Élections et corruption

La juste note

Élection Québec 2012 - Bilan


À croire Jean Charest, cette campagne électorale estivale ne doit rien à la crainte des révélations qui viendront cet automne de la commission Charbonneau, et son gouvernement mérite un huit sur 10 pour sa lutte contre la corruption! Heureusement, le projet de loi 1 qu’un éventuel gouvernement caquiste consacrerait à l’intégrité nous a ramenés hier dans la réalité.

Si Jean Charest s’accordait le même traitement implacable qu’il réserve à ses adversaires, il taillerait en pièces le premier ministre sortant. Pendant des mois, il a complètement ignoré la majorité silencieuse — celle qui lui plaît tant aujourd’hui — qui réclamait sondage après sondage une enquête publique sur l’industrie de la construction, dont des enquêtes journalistiques solides témoignaient de la nécessité. Après avoir banalisé la situation et raillé l’opposition, il n’a bougé que pour mieux se retrancher derrière des enquêtes policières qui, par leur nature même, se déroulaient dans l’ombre et ne pouvaient dresser un portrait global de la situation.

Il a fallu que Jacques Duchesneau coule son rapport dans les médias pour que, acculé au mur, M. Charest se décide à créer une commission d’enquête. Et il a fallu que la commissaire France Charbonneau mette le pied à terre et réclame les pouvoirs que le premier ministre ne lui avait pas donnés pour que les travaux puissent débuter.

Oui, le premier ministre sortant a lutté fort et a consacré bien des efforts dans le dossier de la corruption et de la collusion. Mais cette énergie a passé à se traîner les pieds. M. Charest ne faillit d’ailleurs pas à la tâche en cherchant encore à endormir les Québécois à ce sujet. À cet égard, il mérite un huit sur dix.

Il faut surtout retenir que le gouvernement libéral a plongé le Québec dans un tel cynisme envers la politique que les autres partis ont cru nécessaire, avec raison, de débuter leur campagne en mettant l’accent sur l’honnêteté, comme l’a fait la chef péquiste Pauline Marois mercredi, ou comme le déclinait hier le chef de la Coalition avenir Québec, François Legault.
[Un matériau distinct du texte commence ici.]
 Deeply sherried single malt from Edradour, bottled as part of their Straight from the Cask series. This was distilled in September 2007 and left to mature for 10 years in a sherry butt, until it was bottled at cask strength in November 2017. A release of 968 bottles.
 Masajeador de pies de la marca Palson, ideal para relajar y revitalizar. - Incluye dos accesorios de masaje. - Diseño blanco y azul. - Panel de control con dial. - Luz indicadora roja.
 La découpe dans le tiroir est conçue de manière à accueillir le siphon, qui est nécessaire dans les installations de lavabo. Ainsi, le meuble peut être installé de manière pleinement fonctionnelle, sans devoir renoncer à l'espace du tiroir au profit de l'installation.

L’honnêteté et l’intégrité sont des vertus difficiles à tenir en politique, et la tolérance zéro dont M. Legault se faisait le chantre hier est un idéal plus qu’un objectif. Peu de partis, CAQ comprise, peuvent se targuer de ne pas avoir de squelettes dans leur placard. Mais il est clair que ces dernières années, la situation a dérapé: glissements éthiques, copinage, collusion, corruption ne sont plus des cas exceptionnels.
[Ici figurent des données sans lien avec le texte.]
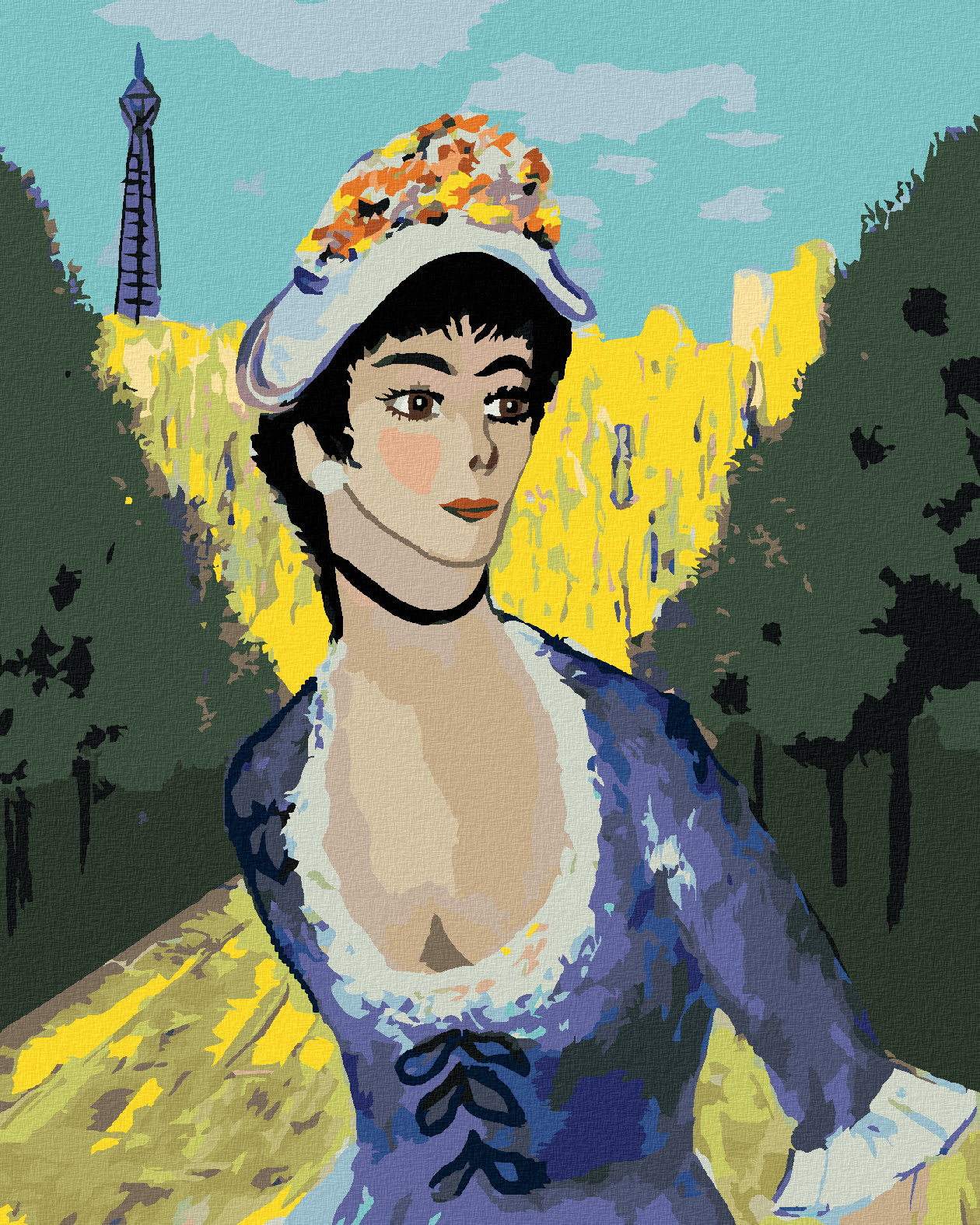 Malování podle čísel - ŽENA V PARKU PŘED EIFFELOVOU VĚŽÍ - 80x100 cm, vypnuté plátno na rám

En voulant faire du respect de l’intégrité dans la vie publique la première loi de son gouvernement, François Legault pose un jalon bienvenu. Son projet ratisse large, incluant l’examen des finances de toutes les municipalités du Québec et l’obligation pour le vérificateur général de se pencher tant sur Hydro-Québec que sur la Caisse de dépôt et placement du Québec qui échappent présentement à son contrôle.

M. Legault entend aussi moderniser la Loi sur le lobbyisme, et créer un poste de commissaire à l’intégrité qui regrouperait les fonctions du commissaire au lobbyisme et du commissaire à l’éthique. Il s’inscrit dans une dynamique que l’actuel commissaire au lobbyisme a déjà enclenchée, lui qui déposait en mai dernier 105 recommandations pour renforcer la loi qui le gouverne.
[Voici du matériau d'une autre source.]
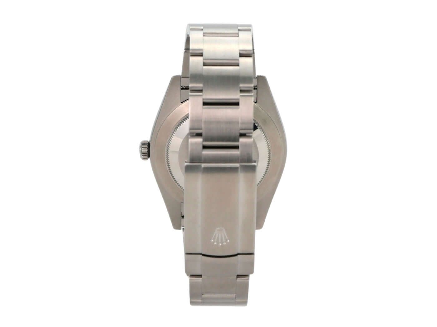 Caja hecha de acero inoxidable pulido y satinado, diámetro de la caja 41 mm, pulsera Oyster de acero inoxidable con cierre desplegable, esfera negra con índices, automático, calibre 3230 de fabricación Rolex, reserva de marcha de 70 horas, cristal de zafiro, resistente al agua hasta 10 bar.
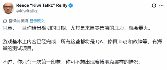 Kiwi Talkz还表示,游戏基本上内容已经完成,剩下的工作主要就是测试和Bug修复。为了避免重蹈《赛博朋克2077》的覆辙,R星可能会谨慎行事,从而延长工期。
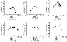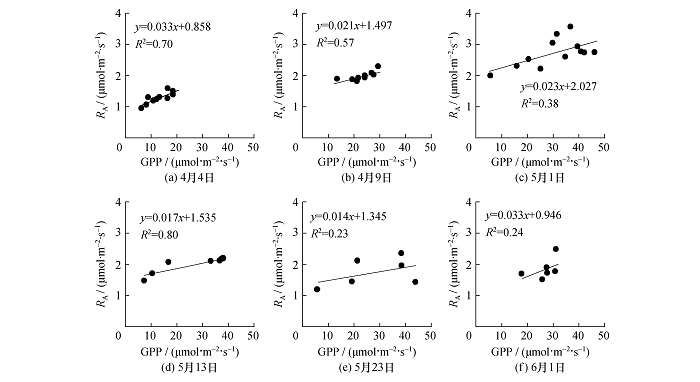 本研究通过相关关系分析发现,在6个测量日内,自养呼吸分别与其1h、 2h、 3h、 4.5h、 4h和 2h 前的GPP有最好的相关性,其对应的相关关系见图7, 因此可以认为土壤呼吸分别滞后GPP相应的时间。进一步表明滞后时间受作物高度影响,这与先前的研究结果一致[16]。因此从拔节期到开花期,滞后时间逐渐升高。开花期后该滞后时间下降可能受实验误差以及相关关系分析不确定性的影响。在日内尺度上,自养呼吸与空气温度、土壤温度和相对湿度均无显著相关性(数据未列出)。
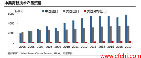 美国严格限制对中国出口高科技产品,其对中国出口的高科技产品占其高科技产品总出口的不足10%。
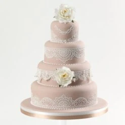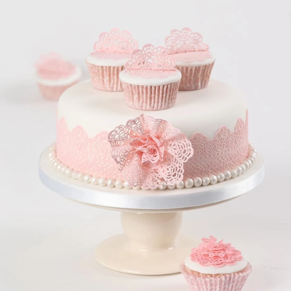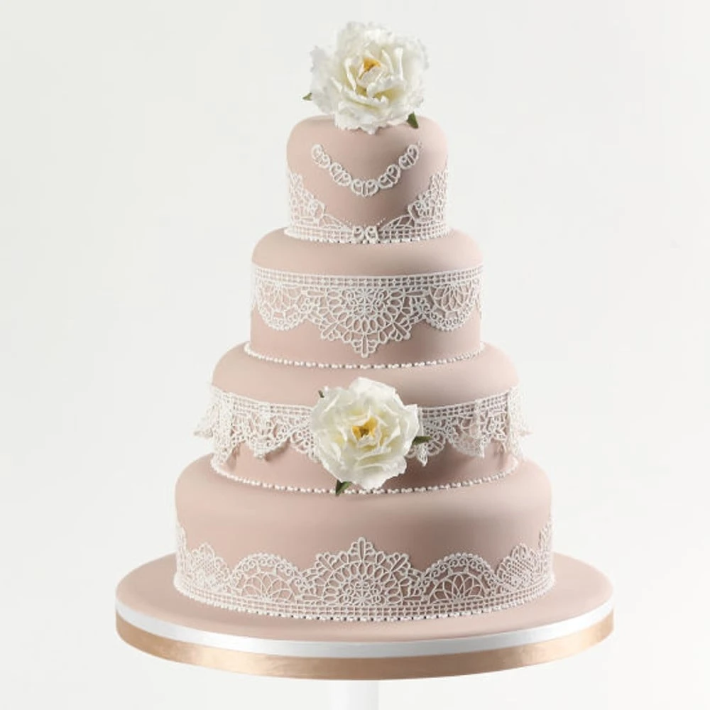 With the Ivory Flexi-Ice Mix by Squires Kitchen, you can create a huge range of exquisite lace designs to decorate the tops and tiers of your cakes.

Mais le plus grand obstacle à l’efficacité de la loi vient de la résistance à s’y soumettre, qui touche firmes de génie-conseil comme regroupements de médecins. François Legault devra aussi dire ce qu’il entend faire pour mettre un terme à cette attitude, qui touche l’un de ses candidats vedettes, Gaétan Barrette. Bienvenue dans la réalité.